Diabetes & Hydration

Polyuria (increased urine output) and polydipsia (increased thirst) characterize diabetes; these are classic symptoms of diabetes. They often indicate how well or unwell diabetes is controlled. Polyuria, polydipsia along with severe dehydration are often the initial symptoms of diabetes. So the question arises why the body starts to lose more fluids in diabetes. And what are its implications?

In diabetes, as the blood glucose rises above the standard, acceptable levels, our body tries hard to bring it back to normal. One of the mechanisms involved in reducing blood sugars is their increased secretion via the kidneys. However, as the kidneys work harder to get rid of extra glucose in the blood, it also ends up losing more fluid.

Another reason for dehydration in diabetes is higher osmotic pressure in blood vessels because of higher glucose concentration, which results in dehydration of body cells. If blood glucose is too high in the blood, it literarily sucks the water from the body cells. 

Dehydration in diabetes is a vicious circle, as the body loses more fluid it results in a further increase of glucose concentration, thus even further dehydrating the body cells. Moreover, dehydration increases the glucose concentration in the blood and thus stimulates more urea production, and worsens the dehydration. Dehydration also increases insulin resistance. Therefore there is a need to break this vicious cycle.

What are the symptoms of dehydration?

As the water content in the body goes down, the skin becomes dry, and so do the mouth and eyes. A person may feel increased thirst, headaches, tiredness, and dizziness. In severe cases, there may be a fall in blood pressure, sunken eyes, weak pulse, confusion, and lethargy.

Preventing dehydration in diabetes

Those living with diabetes are at increased risk of dehydration, which may also negatively impact blood glucose control, particularly true in summer. During summers, even mild physical exertion may cause dehydration. 

So people with diabetes should drink more fluid and more often. There is no hard and fast rule regarding how much more fluid to consume, as it would depend on environmental temperature, the intensity of physical activity, and the severity of the disease, nonetheless, a person should make a habit of drinking fluid in small portions every half an hour. 

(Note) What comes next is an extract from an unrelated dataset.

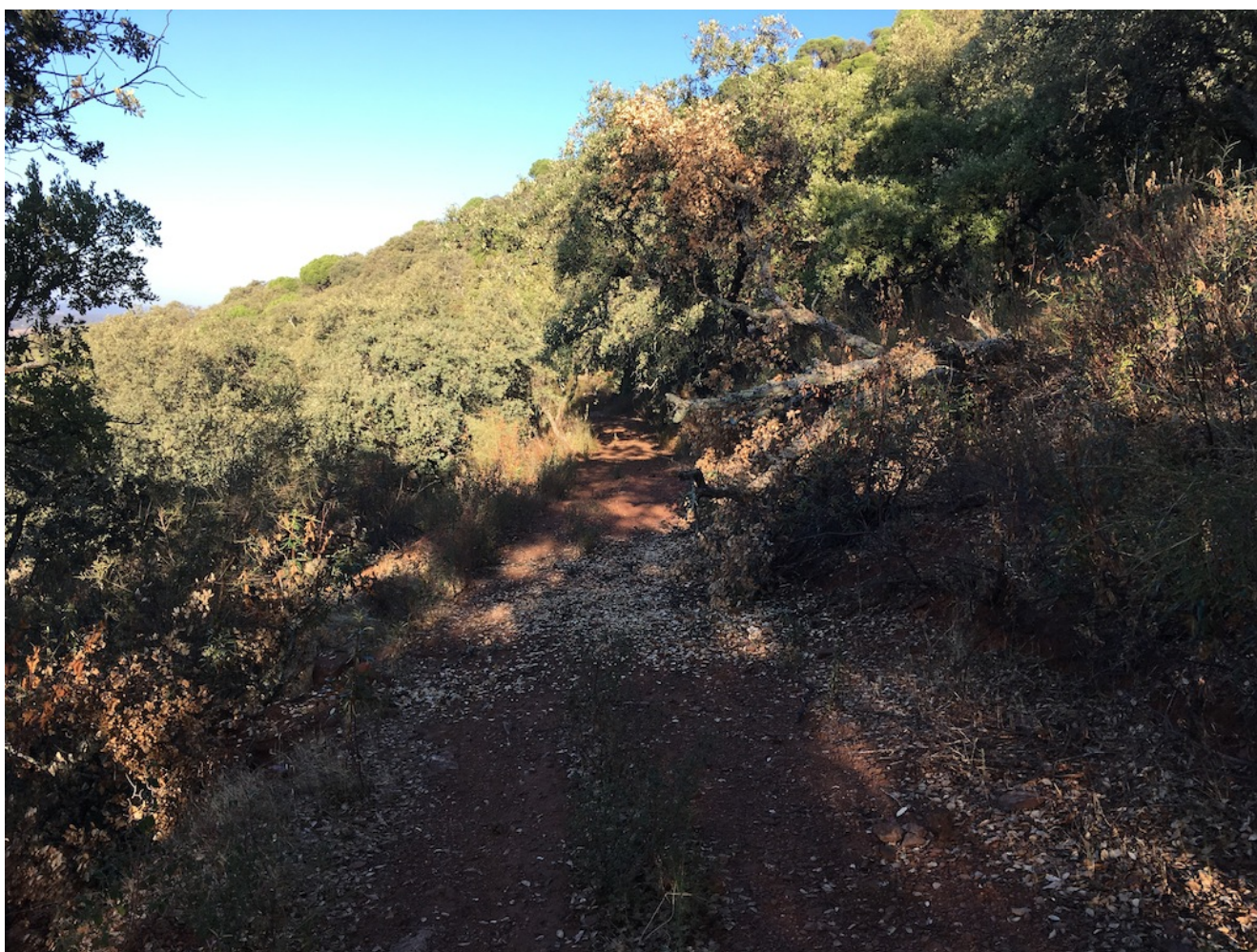
Tramo de la ruta

zona granítica de El Pedroso para conocer sus berrocales. La ruta se inicia a las 10:00 en la explanada de la estación de ferrocarril de El Pedroso, junto a la Oficina de Turismo de la Sierra Norte, donde seguimos un camino verde que nos lleva al inicio del sendero, por el que caminaremos durante 8km por la zona granítica de El Pedroso (Batolito y Berrocales) y un típico ecosistema de Dehesa junto al arroyo de las Cañas.

Thus to keep hydrated, it is essential to consume more fluid or water, special drinks are better reserved for more severe conditions. Sugarless green tea could also be an excellent option, which can be consumed both as a hot drink and cold drink, according to personal preference and weather conditions.

In diabetes, one can drink sports or energy drinks in moderation and only if the diabetes is not severe. However, they are best avoided as these special drinks are high in added sugars.

One way to keep hydrated is to make a routine, like drinking a cup of green tea five times a day at a fixed time, such habits would help to stay hydrated and prevent any complications.

Alcohol is better avoided by those who have problems related to blood pressure and those who have difficulty in staying hydrated. Though alcohol in moderation is not contraindicated in diabetes, it has other undesired effects on electrolyte balance and hemodynamics.